Artur Fritz Wilke (1 February 1910 in Hohensalza – 11 May 1989 in Peine) was a Nazi war criminal and SS Major (sturmbannführer). He was convicted with murder of 6,600 Jews. After the war, Wilke assumed his deceased brother's identity and worked as a village school teacher in Stederdorf, today a district of the city of Peine in Lower Saxony, Germany for many years.

== History ==
Wilke was born in Hohensalza/ Posen in 1910. After studying Protestant theology in Erlangen and Greifswald with Adolf Schlatter. According to historian Saul Friedländer in his Nazi Germany and the Jews 1939-1945, Schlatter belonged to a "hard core of Jew haters".

Wilke joined the Nazi party in 1931 and in 1932 he joined the SA, the Nazi party's paramilitary wing. During late 1938, he joined the Sicherheitsdienst (SD), the intelligence agency of the SS. He was deployed with the Einsatzkommando's Sonderkommando 1005 (mobile killing squad) to Minsk, Belarus. In Minsk, he was appointed the Head of the Minsk anti-partisan center. As the German policy of the time was "All Jews are partisans and all partisans are Jews", he was chiefly responsible for the extermination of the Jews in Minsk and the region.

After the war in 1945, Wilke has gone into hiding and abandoned his first wife and three children. He assumed the identity of his deceased brother, Walter Wilke, and moved to Stederdorf. As Walter Wilke, he became the village's school teacher and remarried to the village doctor, Dr. Ursula Wilke.
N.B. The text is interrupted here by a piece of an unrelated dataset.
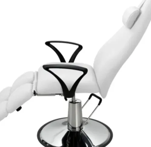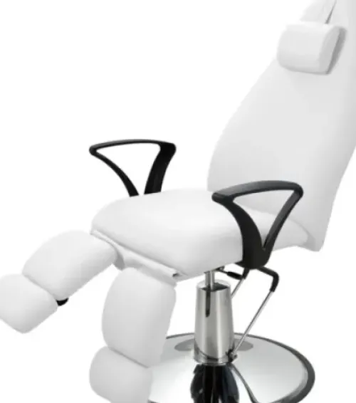 Dieser Fusspflegestuhl besticht durch seine einfache Handhabung und sein klares Design. Die Höhe ist mittels Hydraulikpumpe, die Rückenlehne so wie die Beinteile mit Gasdruckfeder-Unterstützung verstellbar.
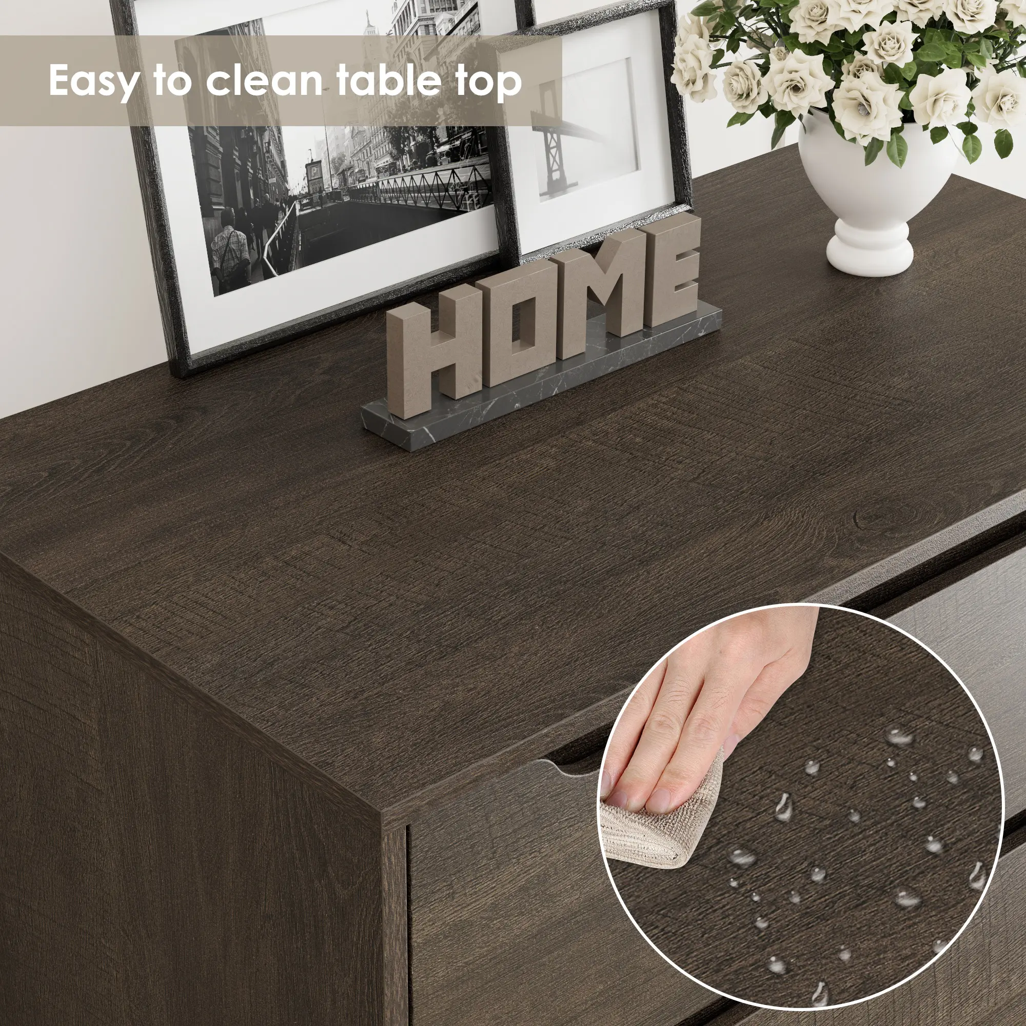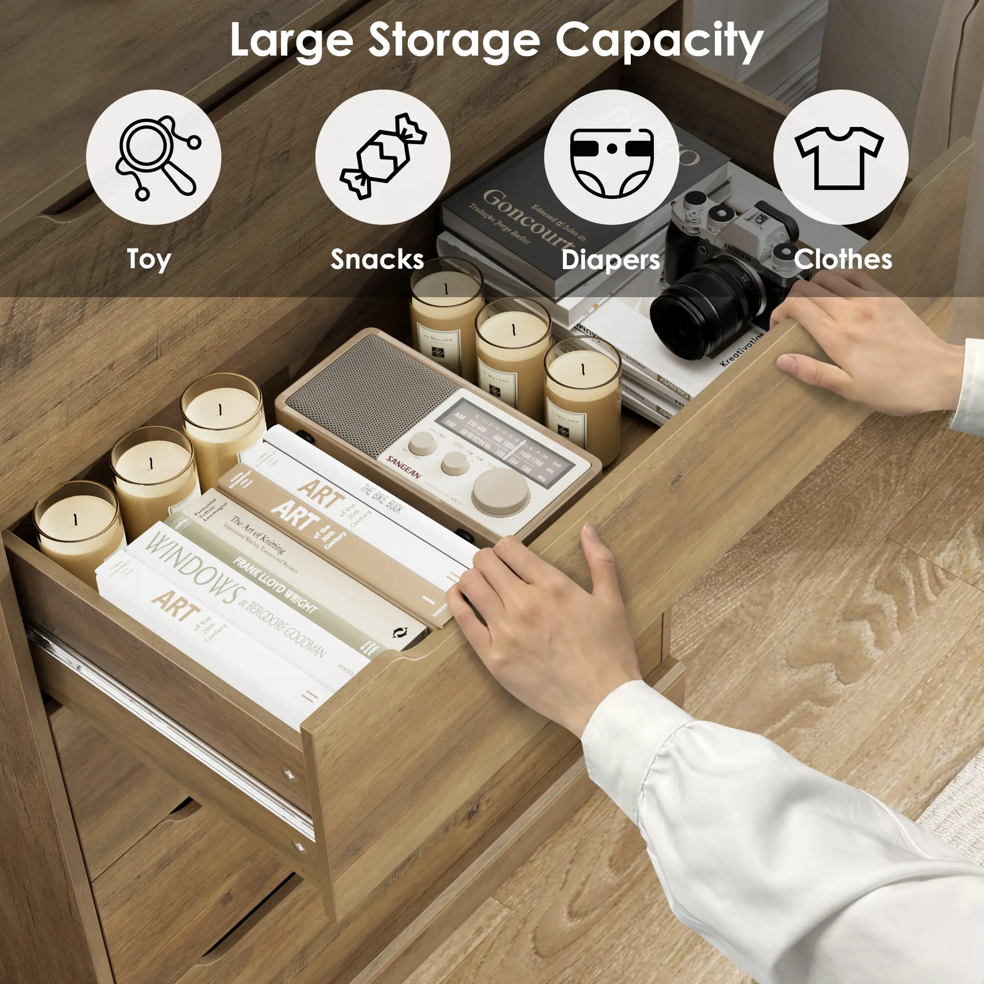 ·AMPLE STORAGE: Featuring a spacious tabletop and 5 deep easy-glide drawers, this modern 5 drawers dresser offers you large amount of storage capacity to organize clothes and accessories, while adding a pop of glamour to your space

He was found and arrested in 1961.

=== Judgement ===
On 21 May 1963, he was sentenced by the Regional court in Koblenz for 10 years imprisonment for his "principal function" in six mass killing of at least 6,600 Jews. The conviction with the murder of 6,600 Jews out of many thousands came due to lack of information regarding those responsible specifically for the crimes in the region, even though the units participating were known. Eventually, he was convicted for his participation in the Slutsk affair and the liquidation of the Minsk Ghetto and the Pripyat Swamps operation. Wilke's diary, captured by the Red Army, and served as evidence in the trials, aided in his conviction. The diary included listing such as:"Monday, February 8th 1943. 05:00, we start in the Ghetto for a very good stary, 1,300 Jews were extracted...later on, the region commander Karl decides to burn (300-400 more Jews come out of the bunkers"

"Tuesday, March 9th 1943. The sun is shining, in the night I had that irritating scratch again"In their judgement, the court judges wrote:"Wilke is incapable of clear and straight thinking, he has a tendency to engage in escapes and excuses.". "[He is] fanatical and enthusiastic nationalist whose wrong-headed idealism was used and abused by the previous regime."Wilke was released from prison in 1968, and died in 1989.